## PROBLEM TO SOLVE
Transcribe the material verbatim, starting at its first line and stopping once the line containing "能面万媚纹身手稿_52张日式能剧面具纹身手稿图案素材欣赏" has been given; no picture should appear.

## INFORMATION SUPPLIED

**********

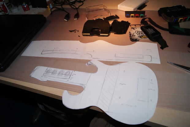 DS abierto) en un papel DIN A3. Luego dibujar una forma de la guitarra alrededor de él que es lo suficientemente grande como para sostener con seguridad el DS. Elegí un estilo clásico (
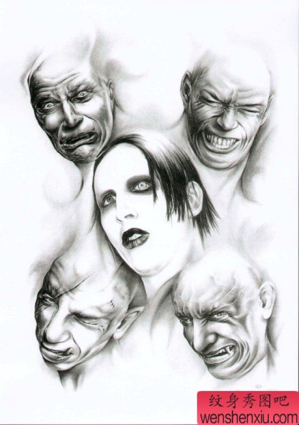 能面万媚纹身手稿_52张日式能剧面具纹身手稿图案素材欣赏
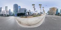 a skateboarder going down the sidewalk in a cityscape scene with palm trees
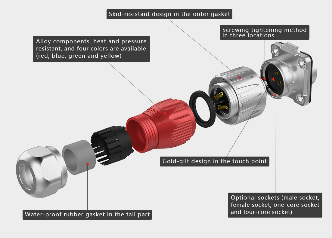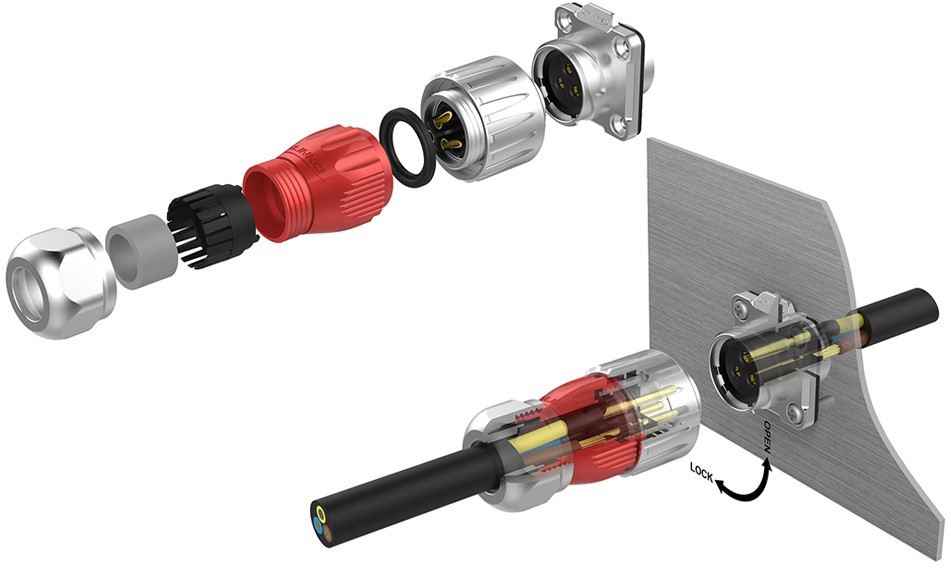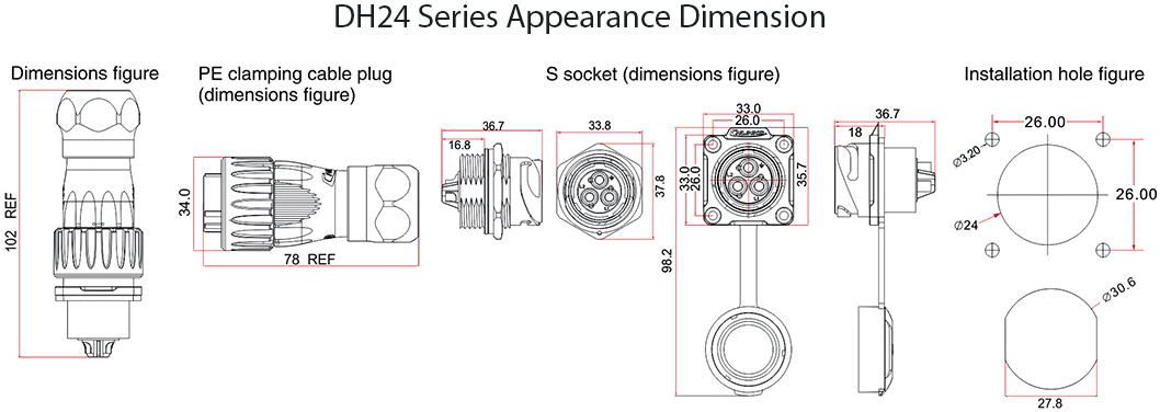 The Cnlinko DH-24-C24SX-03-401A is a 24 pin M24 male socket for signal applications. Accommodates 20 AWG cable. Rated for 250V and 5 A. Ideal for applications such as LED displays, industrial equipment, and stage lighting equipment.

**********

## RESULT FOR THIS TASK
 DS abierto) en un papel DIN A3. Luego dibujar una forma de la guitarra alrededor de él que es lo suficientemente grande como para sostener con seguridad el DS. Elegí un estilo clásico (
 能面万媚纹身手稿_52张日式能剧面具纹身手稿图案素材欣赏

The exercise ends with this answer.